Welcome to our East Coast Global Development Hub, a melting pot of life science innovation nestled in the vibrant communities of Lexington, MA, and Plainsboro, NJ. Here, we're pioneering the future of research and development by bridging the gap between biotech agility and pharmaceutical stability. With cutting-edge facilities and a focus on collaboration and partnerships, we're on a mission to revolutionize healthcare across various innovative modalities and therapeutic areas. If you're passionate about making a tangible impact on human health and ready to join a community where every day is about changing lives, we'd love to meet you.
The Opportunity
We're on the lookout for a science-enthusiast with a knack for global regulatory intricacies and a heart for teamwork. As our Associate Director - Global Regulatory Lead, you'll spearhead a talented team dedicated to navigating the regulatory pathways for groundbreaking medical solutions. Your leadership will be pivotal in strategizing and delivering successful regulatory outcomes, ensuring we stay on the forefront of medical innovation.
Key Relationships
Reporting to the Executive Director of Regulatory Affairs and maintaining a crucial connection with our Regulatory Affairs CMC & Device Area, your role is at the intersection of leadership and collaboration, empowering you to make a significant impact.
Your Role
Innovate within our Global Project Team, applying your expertise to shape development strategies and regulatory achievements.

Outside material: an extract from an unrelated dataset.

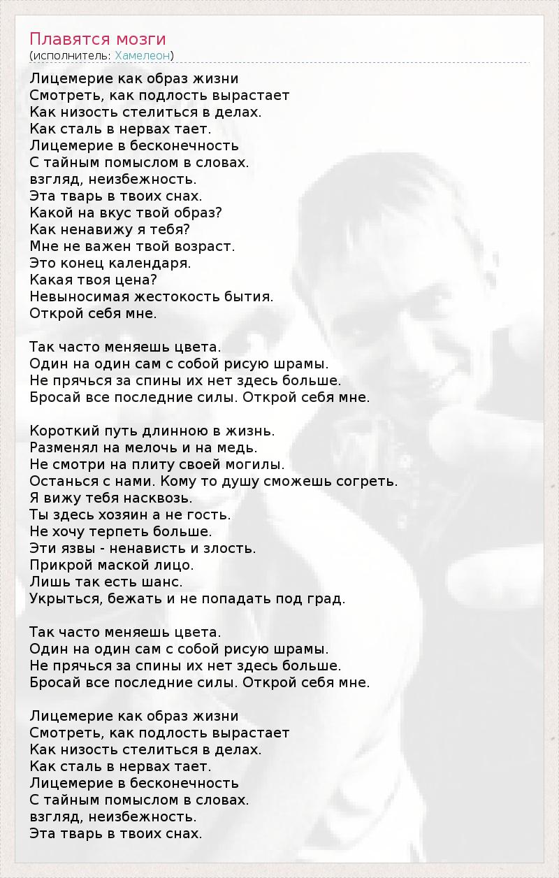Лицемерие как образ жизни Смотреть, как подлость вырастает Как низость стелиться в делах. Как сталь в нервах тает. Лицемерие в бесконечность С тайным помыслом в словах. взгляд, неизбежность. Эта тварь в твоих снах. Какой на вкус твой образ? Как ненавижу я тебя? Мне не важен твой возраст. Это конец календаря. Какая твоя цена? Невыносимая жестокость бытия. Открой себя мне. Так часто меняешь цвета. Один на один сам с собой рисую шрамы. Не прячься за спины их нет здесь больше. Бросай все последние силы. Открой себя мне. Короткий путь длинною в жизнь. Разменял на мелочь и на медь. Не смотри на плиту своей могилы. Останься с нами. Кому то душу сможешь согреть. Я вижу тебя насквозь. Ты здесь хозяин а не гость. Не хочу терпеть больше. Эти язвы - ненависть и злость. Прикрой маской лицо. Лишь так есть шанс. Укрыться, бежать и не попадать под град. Так часто меняешь цвета. Один на один сам с собой рисую шрамы. Не прячься за спины их нет здесь больше. Бросай все последние силы. Открой себя мне. Лицемерие как образ жизни Смотреть, как подлость вырастает Как низость стелиться в делах. Как сталь в нервах тает. Лицемерие в бесконечность С тайным помыслом в словах. взгляд, неизбежность. Эта тварь в твоих снах.

Direct a skilled Global Regulatory Matrixed Team, crafting and implementing strategies that meet our ambitious goals.
Engage with health authorities, leading preparations and discussions to advocate for our groundbreaking projects.
Manage global filing efforts, ensuring quality and timely submissions.
Contribute to internal strategy discussions, highlighting regulatory considerations and solutions.
Stay ahead of industry and regulatory trends to keep our strategies cutting-edge.
Adapt to a dynamic work environment, managing responsibilities across cultures and time zones with grace and effectiveness.
Work Environment
Flexible work options with a preference for a hybrid setup in Lexington, MA, or Plainsboro, NJ. Remote work is also on the table.
Travel is minimal, but a readiness to engage in occasional overnight stays is appreciated.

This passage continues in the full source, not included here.